Coop frena la corsa dei prezzi e accusa l’industria per i rincari

05/09/2003

      venerdì 5 settembre 2003

      Il rapporto annuale dei consumi
      Coop frena la corsa
      dei prezzi e accusa
      l’industria per i rincari

      MILANO Stagnano domanda, reddito, propensione al consumo e fiducia dei consumatori. Il quadro economico – così come emerge dal Rapporto annuale su consumi, prezzi e distribuzione di Coop presentato ieri a Milano – è tutt’altro che rassicurante.
      Se il 2002 ha chiuso con una riduzione della spesa delle famiglie dello 0,1%, infatti, nemmeno i dati relativi ai primi sei mesi del 2003 lasciano sperare in una ripresa robusta: i consumi dei generi alimentari sono saliti solo dello 0,5%, quelli di abbigliamento
      e calzature sono scesi dello 0,5%, quelli di auto, moto e carburante sono crollati del 3,3%. Tengono solo i beni elettronici e le telecomunicazioni, con incrementi rispettivi del 14,1% e del 5,3%. Nel complesso, dunque, la spesa delle famiglie è salita da gennaio a giugno dello 0,7%: un dato modesto, che smentisce le rosee aspettative di quanti prevedevano impulsi significativi nella domanda di mercato e che promette una crescita a fine anno non oltre la quota dell’1%.

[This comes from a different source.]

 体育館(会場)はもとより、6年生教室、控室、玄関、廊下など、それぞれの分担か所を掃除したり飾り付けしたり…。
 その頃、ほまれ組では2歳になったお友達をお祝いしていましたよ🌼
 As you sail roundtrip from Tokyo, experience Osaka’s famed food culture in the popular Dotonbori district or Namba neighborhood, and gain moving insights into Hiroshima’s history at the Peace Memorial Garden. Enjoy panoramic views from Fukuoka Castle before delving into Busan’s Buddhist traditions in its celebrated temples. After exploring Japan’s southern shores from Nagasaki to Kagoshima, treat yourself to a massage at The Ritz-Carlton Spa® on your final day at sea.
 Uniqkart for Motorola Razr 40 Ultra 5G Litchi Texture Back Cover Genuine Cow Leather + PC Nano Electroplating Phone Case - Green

      Per quanto riguarda la dinamica dei prezzi, invece, Vincenzo Tassinari, presidente di Coop Italia, ha risposto polemicamente al presidente di Confindustria D’Amato, che, scagionando da ogni accusa l’industria, aveva indicato nel settore del commercio
      l’unico responsabile dell’attuale inflazione: «Le industrie hanno chiesto nel corso del 2003 rincari nei listini del 3,3%. Solo grazie all’impegno della grande distribuzione questa richiesta non si è tradotta in inflazione reale per i consumatori.
      Non siamo semplici passascatole, ma contrattiamo con le industrie e valutiamo se le richieste di aumenti sono giustificate». Tassinari, in particolare, ha rivendicato il ruolo svolto da Coop nel contenimento del caro prezzi: «L’inflazione in campo alimentare nei primi sette mesi del 2003 è stata secondo l’Istat del 2,7%. In Coop il dato è pari allo 0,7%. Abbiamo così esercitato un intervento virtuoso sulla dinamica dei prezzi, considerando che la nostra quota di mercato è pari al 18%.

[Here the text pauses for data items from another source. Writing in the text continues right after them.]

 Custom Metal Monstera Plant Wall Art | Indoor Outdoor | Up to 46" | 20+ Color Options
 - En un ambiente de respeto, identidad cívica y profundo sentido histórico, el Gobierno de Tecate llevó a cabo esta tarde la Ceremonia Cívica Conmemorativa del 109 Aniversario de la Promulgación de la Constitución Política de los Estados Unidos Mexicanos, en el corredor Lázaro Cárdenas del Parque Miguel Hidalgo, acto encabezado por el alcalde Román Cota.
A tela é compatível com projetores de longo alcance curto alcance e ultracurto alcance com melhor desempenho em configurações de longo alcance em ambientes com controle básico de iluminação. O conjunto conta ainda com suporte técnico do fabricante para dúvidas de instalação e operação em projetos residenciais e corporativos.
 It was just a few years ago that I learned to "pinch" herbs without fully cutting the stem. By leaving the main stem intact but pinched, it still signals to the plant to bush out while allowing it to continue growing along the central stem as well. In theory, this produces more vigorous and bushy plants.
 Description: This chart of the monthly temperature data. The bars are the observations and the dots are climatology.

      Negli ultimi tre anni Coop si è distinta come calmieratore dei prezzi alla vendita con quasi sei punti percentuali di contenimento rispetto alla media Istat».

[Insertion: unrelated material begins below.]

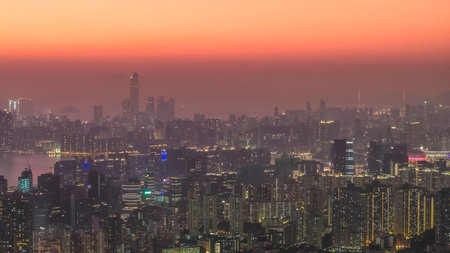 Soft evening colors illuminate dense urban landscape of Kowloon Jan 18 2026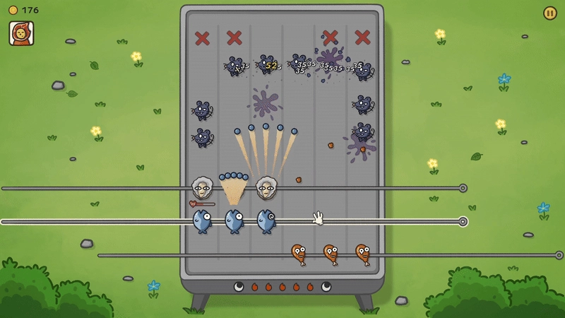 在本作中,玩家将化身烤串大师,不再像以往一般被动摆放防御单位,通过直接拖拽烤杆来操控食材(防御单位)进行瞄准射击、反弹与击退,操作直观,反馈爽快。这是在肉鸽+塔防这一热门赛道中,《别拽了!烤串师傅》提供给玩家的全新体验。

      Chi non ha alcuna intenzione di fare altrettanto sono le compagnie assicurative che, di fronte alle richieste di abbassamento delle tariffe dell’rc auto come conseguenza al decremento degli incidenti stradali, prendono tempo e chiedono sei mesi anche solo per valutare la possibilità. Si ribella l’Intesa dei consumatori, che accusa il governo di «subalternità» nei confronti dell’Ania: «Le società di assicurazioni hanno un potere tale da far cambiare idea a due ministri nel giro di appena 24 ore. Qualche giorno fa, il ministro Marzano ha chiesto la diminuzione della tariffe, ma dopo 24 ore ha cambiato idea e rinviato tutto ai prossimi mesi. Mercoledì il ministro Lunardi ha affermato
      con identiche motivazioni che bisogna ridurre le tariffe, e giovedì ha detto che per la riduzione bisogna aspettare qualche mese».
      l.v.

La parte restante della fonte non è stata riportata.